A multinational prospective cohort study performed by Barak Zafrir et al. and published in the European Heart Journal concluded that worse cardiovascular outcomes of atrial fibrillation (AF) were associated with heart failure with preserved ejection fraction (HFpEF) and heart failure with middle range ejection fraction (HFmrEF) but not associated with heart failure with reduced ejection fraction (HFrEF).
Heart failure used to be categorized into 2 subtypes: HFpEF > 50% and HFrEF < 40%. A new HF category was defined by European Society of Cardiology comprised heart failure with middle range ejection fraction (HFmrEF) and was defined as heart failure with an EF between 40% and 49%. There was heterogeneity in the literature regarding whether there was any prognostic significance of having AF in patients with HFpEF compared to patients with HFrEF, that was addressed by Zaffir et al.
The investigators used the HF Long-Term Registry of the European Society of Cardiology (ESC) which was a multicenter/multi-country database for conducting their study and included patients with chronic heart failure (CHF, outpatients) and acute heart failure (AHF, inpatients), with a total population number of 14 964 patients out of which 8273 were CHF and 6691 were AHF patients. They followed up these patients for a mean duration of 2.2 years.

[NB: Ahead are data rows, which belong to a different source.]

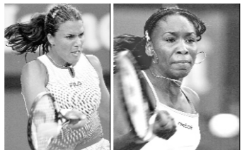
CAPRIATI V WILLIAMS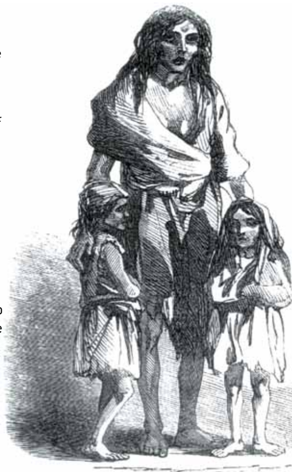
Illustration showing a family during the Famine

On the other hand, Nationalists reaped benefits from the United Kingdom becoming increasingly democratic in the second half of the nineteenth century. Growing prosperity allowed more Catholics to have their children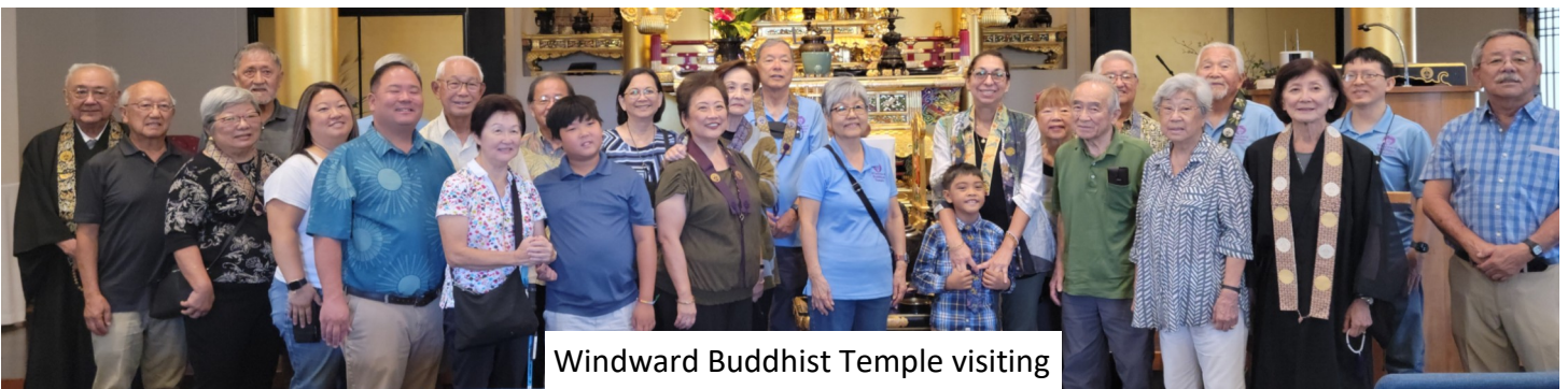
Windward Buddhist Temple visiting

“HFpEF and AF share some pathophysiological features including structural and functional remodeling of the left heart leading to prolonged isovolumic relaxation, slow filling, and increased diastolic stiffness. The mentioned factors are associated with an increased risk of mitral regurgitation (MR) as well as pulmonary hypertension (PHTN). Also, the loss of atrioventricular synchrony is associated with more left atrium stiffness in HFpEF compared to HFrEF.”- Dr. Barak Zafir, M.D.
The results of the study showed that the long-term hazard ratio of AF for all-cause death was only statistically significant for HFmrEF (1.296). HF hospitalization was significant for HFmrEF and HFpEF with a hazard ratio of 1.430, and 1.487 respectively. The combined end point hazard ratio was calculated following a multivariable adjustment which was 0.957 for HF rEF (which was not statistically significant), 1.302 for HFmrEF, and 1.365 for HFpEF. Additionally, AF was more prevalent in patients with HFpEF(39%), and HFmrEF (29%), than in patients with HFrEF (27%). The increase in AF prevalence on HFpEF was shown to be associated with clinical signs and symptoms of HF as well.
Zafrir et al discussed that HFpEF and AF shared some pathophysiological features including structural and functional remodeling of the left heart leading to a prolonged isovolumic relaxation, slow filling, and increased diastolic stiffness. It was concluded that the mentioned factors were associated with increasing risk of mitral regurgitation (MR) as well as pulmonary hypertension (PHTN). These mentioned factors and also the loss of atrioventricular synchrony were associated with more left atrium stiffness in HFpEF compared to HFrEF.
Investigators explained the association of AF with adverse cardiovascular outcomes between the EF subtypes by the contribution of AF to HF progression when the EF was higher, while in HFrEF the outcomes of the disease were being determined by HF itself. They also emphasized that HFpEF was associated with less response to HF therapy, which itself contributed to the role of AF in worse clinical outcomes of HFpEF.